Create some Threads which have a never-ending loop (while(true){ // get job off the queue)
Set the threads going
Add jobs to the collection when they come available
The threads will be blocked until an item appears in the collection. Whoever's turn it is will get it (depends on the CPU). I'm using this now and it works great.
It also has the advantage of relying on MS to write that particularly nasty bit of code where multiple threads access the same resource. And whenever you can get somebody else to write that you should go for it. Assuming, of course, they have more technical/testing resources and combined experience than you.

I've implemented a background-task queue without using any kind of while loop, or pulsing, or waiting, or, indeed, touching Thread objects at all. And it seems to work. (By which I mean it's been in production environments handling thousands of tasks a day for the last 18 months without any unexpected behavior.) It's a class with two significant properties, a Queue<Task> and a BackgroundWorker.

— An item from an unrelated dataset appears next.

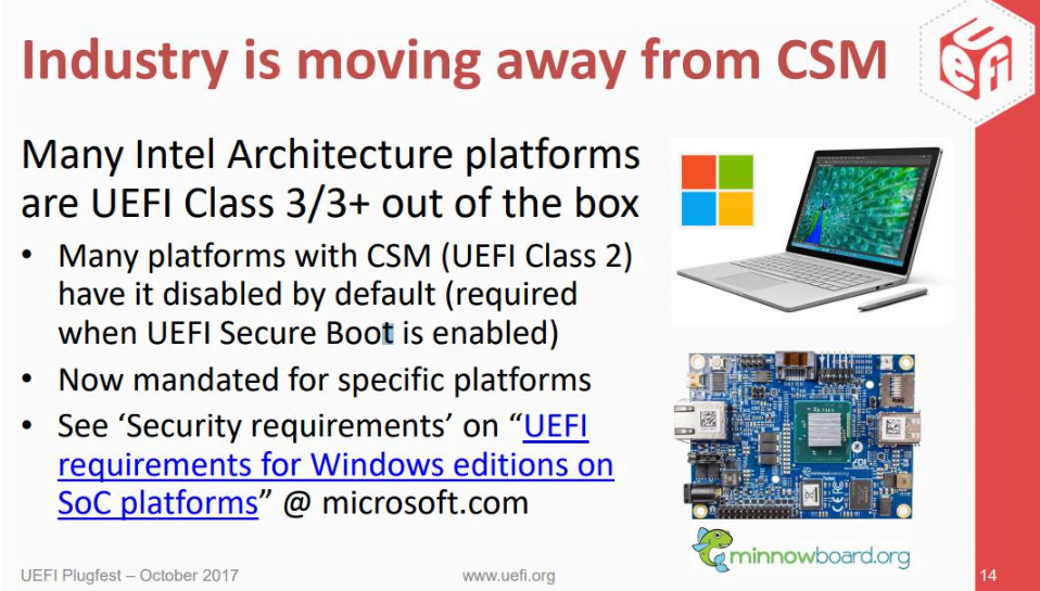 اینتل تا سال 2020 پشتیبانی از UEFI های کلاس 0، 1 و 2 را متوقف خواهد کرد و از آن زمان به بعد فقط UEFI Class 3 پشتیبانی خواهد شد. در نتیجه بوت های دوگانه برای همیشه از میان برداشته خواهند شد. CSM قابلیت های اضافی برای UEFI را فراهم می کند و از جمله این موارد بارگذاری سیستم عامل های قدیمی به وسیله یک OpROM است. هدف اینتل از قطع پشتیبانی سیستم های قدیمی در این بخش افزایش امنیت است. امروزه بسیاری از نفوذ ها به دلیل استفاده از OS و BIOS های قدیمی است که بدین ترتیب این بخش به طور کامل از میان برداشته خواهد شد. بایوس UEFI 3.0 در اوایل سال 2020 راهی دنیای سخت افزار خواهد شد.

There are three significant methods, abbreviated here:
private void BackgroundWorker_DoWork(object sender, DoWorkEventArgs e)
{
if (TaskQueue.Count > 0)
{
TaskQueue[0].Execute();
}
}
private void BackgroundWorker_RunWorkerCompleted(object sender, RunWorkerCompletedEventArgs e)
{
Task t = TaskQueue[0];
lock (TaskQueue)
{
TaskQueue.Remove(t);
}
if (TaskQueue.Count > 0 && !BackgroundWorker.IsBusy)
{
BackgroundWorker.RunWorkerAsync();
}
}
public void Enqueue(Task t)
{
lock (TaskQueue)
{
TaskQueue.Add(t);
}
if (!BackgroundWorker.IsBusy)
{
BackgroundWorker.RunWorkerAsync();
}
}
It's not that there's no waiting and pulsing. But that all happens inside the BackgroundWorker. This just wakes up whenever a task is dropped in the queue, runs until the queue is empty, and then goes back to sleep.
I am far from an expert on threading. Is there a reason to mess around with System.Threading for a problem like this if using a BackgroundWorker will do?